17.5 If a change affects you. Where a price change does apply to you under clause 17.1, your only remedy if you do not agree is to cancel before it takes effect, in accordance with clause 9. Continuing to use the Service after it takes effect is acceptance of the new price. (Because a price change cannot affect the held rate of a continuously subscribed customer, this clause bites only where your continuity has broken — for example on resuming or resubscribing under clause 17.3 — or where you move to a different Plan or add-on under clause 17.4.)
18. Suspension and termination by us
18.1 Termination for cause. We may suspend or terminate the Service and these Terms immediately, on written notice, if you: (a) fail to pay any sum when due (subject to clause 18.2, which governs suspension and termination for non-payment and failed charges); (b) breach these Terms and, where the breach can be remedied, fail to remedy it within a reasonable period after we ask you to; (c) use or attempt to use the Service in a way that is unlawful, abusive, or outside scope; (d) ask us to work on a store or property you do not own or are not authorised to modify; or (e) become insolvent, enter any insolvency or analogous process, or cease or threaten to cease trading.
18.2 Non-payment and failed charges. If a payment fails or is not made when due, the service-level clock pauses immediately, no new Cards are started, and we may suspend the Service immediately. We may terminate it if the overdue sum remains unpaid 10 days after suspension. You remain liable for all fees accrued up to termination. We may charge interest and recover reasonable recovery costs on overdue sums under the Late Payment of Commercial Debts (Interest) Act 1998.

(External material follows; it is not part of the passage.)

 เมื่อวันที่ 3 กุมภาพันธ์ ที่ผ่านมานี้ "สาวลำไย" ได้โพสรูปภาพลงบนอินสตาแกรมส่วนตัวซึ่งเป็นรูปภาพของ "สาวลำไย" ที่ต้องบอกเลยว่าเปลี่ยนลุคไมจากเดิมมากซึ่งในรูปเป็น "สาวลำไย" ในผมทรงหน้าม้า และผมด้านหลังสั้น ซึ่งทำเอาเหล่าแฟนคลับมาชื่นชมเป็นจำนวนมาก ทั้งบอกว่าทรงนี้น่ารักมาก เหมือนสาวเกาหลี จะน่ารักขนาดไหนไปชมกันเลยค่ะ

18.3 Effect of termination by us. On termination under this clause, work stops immediately — including on any in-progress Card — and you are not entitled to any refund or credit, including any unused portion of the current billing period and any accrued service credits. Any licence granted to you in respect of unpaid Deliverables ends immediately.

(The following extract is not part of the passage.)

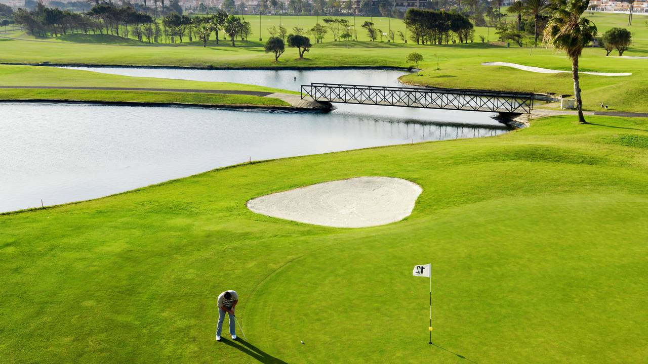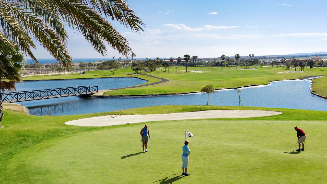 The 18-hole course has a par of 70 and a total distance of 6,069 metres. It has three lakes with a river meandering between them. The 17th is a par-5 which climbs to a raised green, while the 18th is a par-4 dogleg which drops down towards the clubhouse. The rest of the course is relatively flat. The facilities include a practice course with 50 tee positions, an enormous putting green, another green for practising approach shots and escapes from bunkers, and an extensive network of paths for the buggies. Classes are taught in various languages. The services also include a large, well stocked golf shop, changing rooms with lockers, and the possibility of hiring carts, buggies and two kinds of clubs. There are also bars, cafeterias, restaurants, terrace gardens, and all with 5-star service.

18.4 Survival. Clauses on intellectual property, liability, your indemnity, confidentiality and data, portfolio and publicity (clause 16A), governing law, and any other clause intended to survive, continue in force after termination.
19. Your indemnity
19.1 You indemnify us, and keep us indemnified, on demand against all losses, liabilities, damages, costs, claims, demands, and expenses (including reasonable legal fees) that we incur or suffer arising out of or in connection with: (a) your instructions, content, materials, or data; (b) your use of the Deliverables; (c) any actual or alleged infringement of a third party's intellectual property or other rights by anything you provide or instruct; (d) your breach of these Terms; (e) your breach of any applicable law, including data protection law; or (f) any work we carry out on a store or property that you did not own or were not authorised to modify.

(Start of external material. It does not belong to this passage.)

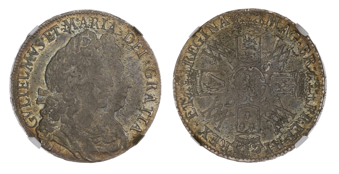 NGC AU50 | William and Mary (1688-1694), Halfcrown, 1693, QVINTO, second conjoined and draped busts right, rev. crowned cruciform shields, WM in angles, six strings to harp, downwards lettered edge, 6h, 14.93g (ESC -; Bull 860; Spink 3436), haymarked and with softness to the portraits, yet with tone and lustrous flare, mainly to the legends, good very fine, in NGC holder, graded AU50 (Cert. #3711954-002)

19.2 This indemnity is not subject to the cap or the exclusions in clause 15.
20. Third-party platforms
20.1 The Service depends on third-party platforms, including Shopify, the Board provider (currently Trello), and the Payment Processor (currently Stripe), and on third-party apps and themes. We do not control them and are not responsible for their availability, performance, changes, pricing, security, or any action they take on your account.
20.2 You are responsible for maintaining your own Shopify plan and any third-party app or service subscriptions the Deliverables require. We are not liable for any loss arising from your failure to do so, or from a third party's acts or omissions.
21. Force majeure
We are not liable for any delay or failure to perform caused by events outside our reasonable control, including failures of third-party platforms or infrastructure, illness, internet or power failures, and acts of government. While such an event continues, our obligations are suspended and the service-level clock pauses.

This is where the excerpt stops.